Avram Piltch is the editor in chief of Tom’s Hardware, and he’s written a thoroughly researched article breaking down the promises and failures of LLM AIs.
Machines don’t Lear like humans yet.
Our brains are a giant electrical/chemical system that somehow creates consciousness. We might be able to create that in a computer. And the day it happens, then what will be the difference between a human and a true AI?

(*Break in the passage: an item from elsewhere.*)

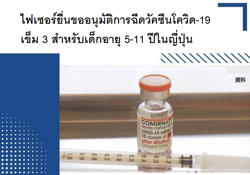 วันที่ 22 มิถุนายน ไฟเซอร์ บริษัทเวชภัณฑ์รายใหญ่ของสหรัฐ ได้ยื่นคำร้องต่อกระทรวงสาธารณสุข แรงงาน และสวัสดิการของญี่ปุ่น เพื่อขออนุมัติการฉีดวัคซีนป้องโควิด-19 เข็มที่ 3 สำหรับเด็กอายุ 5-11 ปี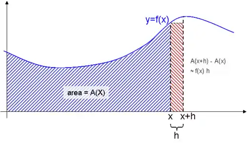 At this point we know that A(x + h) − A(x) is approximately equal to ƒ(x)·h, and we intuitively understand that this approximation becomes better as h grows smaller. In other words, ƒ(x)·h ≈ A(x + h) − A(x), with this approximation becoming an equality as h approaches 0 in the limit.

If you read the article, there’s “experts” saying that human comprehension is fundamentally computationally intractable, which is basically a religious standpoint. Like, ChatGPT isn’t intellegent yet, partly because it doesn’t really have long term memory, but yeah, there’s overwhelming evidence the brain is a machine like any other.
fundamentally computationally intractable
…using current AI architecture, and the insight isn’t new it’s maths. This is currently the best idea we have about the subject. Trigger warning: Cybernetics, and lots of it.
Meanwhile yes of course brains are machines like any other claiming otherwise is claiming you can compute incomputable functions which a physical and logical impossibility. And it’s fucking annoying to talk about this topic with people who don’t understand computability. Usually turns into a shouting match of “you’re claiming the existence of something like a soul, some metaphysical origin of the human mind” vs. “no I’m not” vs. “yes you are but you don’t understand why”.
…using current AI architecture, and the insight isn’t new it’s maths.
That is not what van Rooij et al. said, which is who was cited in here. They published their essay here, which I haven’t really read, but which appears to make an argument about any possible computer. They’re psychologists and I don’t see any LaTeX in there, so they must be missing something.
Unfortunately I can’t open your link, although it sounds interesting. A feedforward network can approximate any computable function if it gets to be arbitrarily large, but depending on how you want to feed an agent inputs from it’s environment and read it’s actions a single function might not be enough.